Most writers will say they have been writing for as long as they could hold a pen. I suppose I am no different. But how many can remember the precise moment they learned the power of the written word. I can.
See, I had a dog. But she wasn’t just any dog. Her name was Arrow and she was a jet-black Great Dane with a pure, white arrow head on her chest. To me, she was the most regal and beautiful dog I had ever seen. I was nine…
Arrow was my best friend and the name of a popular song back then, “Me and My Arrow,” by Harry Nilsson from his album, The Point. OK, so I just dated myself… the point is, I loved my dog as any child does.
But there was one… kind of… smallish problem about Arrow. She was destructive!
That is not a word you want to use in the same sentence with "Great Dane." She scratched the molding around the front door of our old Victorian. The wood work was part of the charm and period flare of our house – and not easily replaced. She was also very smart. She knew how to open the front door and let herself out. But she was loyal. She would never run away. She just loafed around outside until someone noticed she was missing.
But then there was that fateful day when my sister, my mom, and I returned home from a day of clothes shopping...
Our living room doors were always kept shut so Arrow would not… well... we had no idea what Arrow might do, but we didn’t want to find out. I remember my mom walking ahead of us, in the downstairs hall, on her way upstairs to put the bags away. When she got to the living room doors, she stopped, and slowly turned her head. The living room doors were ajar. What she saw next, must have been horrifying to say the least.
Arrow had eaten the couches!
Now that I am a mom and have couches of my own, I can only imagine how horrified she must have felt. We had two brown velvet couches and a white shag rug – now I have really dated myself! There was fluff and stuff everywhere. That was my parents’ last straw.
Now, I am sure the other members of my family will remember this very differently. Actually, my sister, will probably argue that it never happened at all, but I profess that what I say next really did happen. The next morning, my parents were discussing the (Ahem) Arrow Dilemma. “What should we do with her?” my mom questioned. “We can’t give her to a farm. She’s not exactly a farm dog,” said my dad. And then I heard it. Now, I can’t say exactly who suggested it but my heart stopped dead. “We might have to destroy her.” I had been around animals long enough to know what that meant. They were going to kill my best friend!

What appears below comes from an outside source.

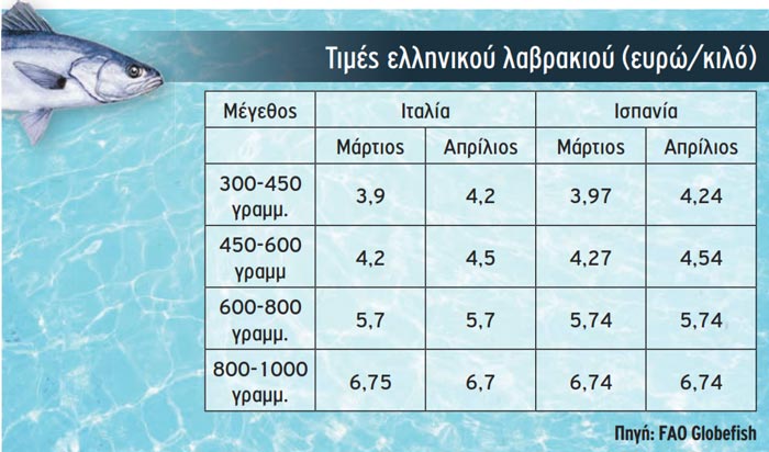 Σύμφωνα με το τελευταίο report του FAO Globefish, τον Απρίλιο, οι τιμές του ελληνικού λαβρακιού «τσίμπησαν» τα 30 λεπτά, με αποτέλεσμα στην ιταλική αγορά να διαμορφώνονται κατά μέσο όρο στα 4,20 ευρώ/κιλό για τα μεγέθη 300-450 γρ. και στα 4,50 για τα μεγέθη 450-600 γραμμαρίων. Τον ίδιο μήνα, οι μέσες τιμές στην ισπανική αγορά ήταν 4,24 και 4,54 ευρώ/κιλό αντίστοιχα. Για τα μεγαλύτερα μεγέθη, ωστόσο, δηλαδή από 600 γρ. και πάνω, που κατευθύνονται κατά κύριο λόγο στην εστίαση, οι τιμές δεν διαφοροποιήθηκαν σε σχέση με τον Μάρτιο, κάτι που, σύμφωνα με τους επιχειρηματίες του χώρου, εξηγείται από το γεγονός ότι «πρακτικά δεν υπήρχε αυτό το διάστημα το εν λόγω κομμάτι της αγοράς».

As the youngest children are sometimes… well… ignored, I tried my best to get everyone’s attention to fight against all hope that this was a most ghastly solution. But no one would listen to me. I yelled. I hollered. I stood on a kitchen chair, but the grown-ups just spoke around me. So I decided to do the only thing I could think of…
I wrote a letter to G-d.
I wrote, “Dear G-d, my parents want to kill my best friend…” I am sure it was eloquently written with much drama and love. When I finished I pondered, how I would get this letter to G-d? Finally I thought mothers are the next best thing. That meant I had to find the perfect place where my mother would be sure to find it.
So, I asked myself, where do mothers go where no one is allowed to follow them, yet they would have peace and quiet to concentrate? THE BATHROOM! I ran to the bathroom, with letter in hand, and strategically placed it on a little marble cabinet we had right beside the toilet and I waited. And I waited. And I waited. Until finally my mother went in and shut the door.
Now I can’t say for sure that she read my letter, but I will tell you this… When she came out she gave me an especially long hug, and Arrow lived a long, long life for a Dane, and a writer was born!